Task details
Below are records; the lines starting at the one with "予防接種が終わると、私が行っ" and ending at the one with "Traversée des douves" must be reproduced exactly, both included. Pictures must not appear.

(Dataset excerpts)
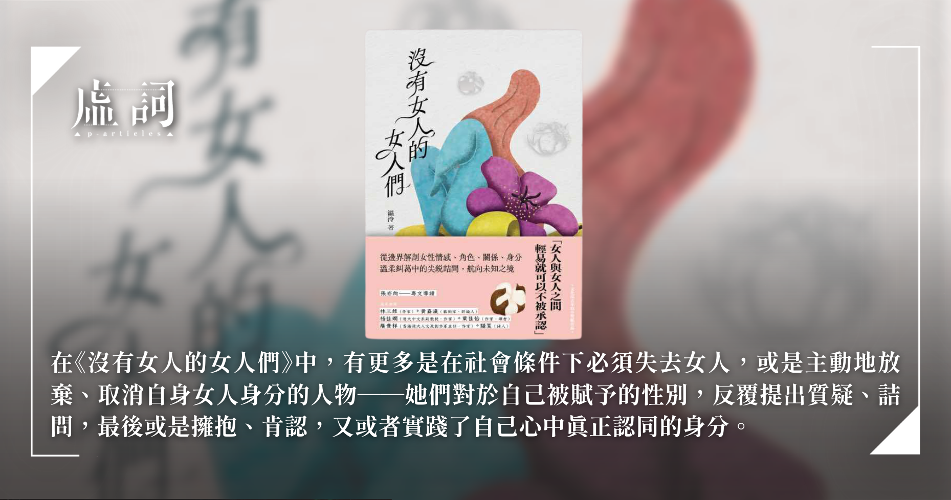 少了預設立場,理解便是可能的。既有理解,我們或可期待人與人之間更加真實的連結,而不僅是讓一切浮於表面,或者,也能避免出於成見而造成的人我之間的斷裂。可以說,渴望理解、也渴望被理解,正是《沒有女人的女人們》寫作的根本動機,也是書名之所以如此命名的原因──透過多元性別視角的書寫,這本小說集,即試圖和《沒有女人的男人們》建立對話的空間。
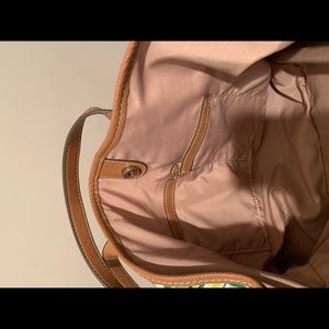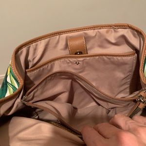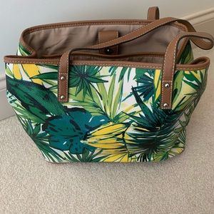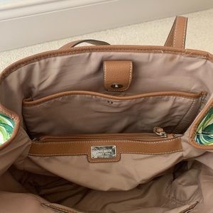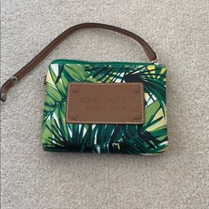 Nine West ladies purse. Foliage printed vinyl with leather trim. Divided sections inside. Multiple pockets. Includes small matching coin purse. Used but in very good condition.
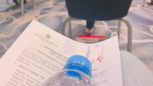 予防接種が終わると、私が行った会場では係員から一人一人にペットボトルに入った水無料で配られていました。水分を取りながら30分間ほど待機室で座って異変が起きないかチェックする時間があります。
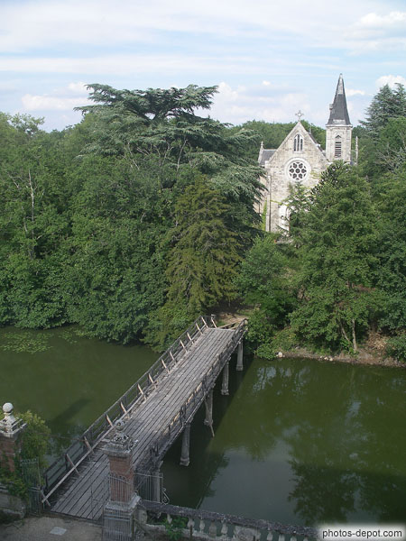 Traversée des douves menant à la chapelle neo-gothique, France, Centre, la ferté St Aubin
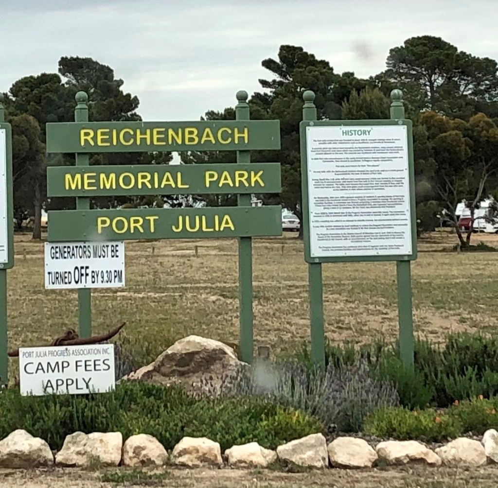 The Port Julia Reichenbach Memorial Park welcomes caravaners and campers. When we called in, the Caretakeres shared an interesting local history booklet which often referred to Hayey’s ancestors. We discovered that Port Julia was just part of the story. ‘Fred’ went on to be a very influential gain merchant and trader. He also developed an olive and fruit plantation, which is still there today; just north of Stansbury, where Tony Wurm, Hayley’s gentle Pa, passed away only a year or so ago.

Answer space
 予防接種が終わると、私が行った会場では係員から一人一人にペットボトルに入った水無料で配られていました。水分を取りながら30分間ほど待機室で座って異変が起きないかチェックする時間があります。
 Traversée des douves menant à la chapelle neo-gothique, France, Centre, la ferté St Aubin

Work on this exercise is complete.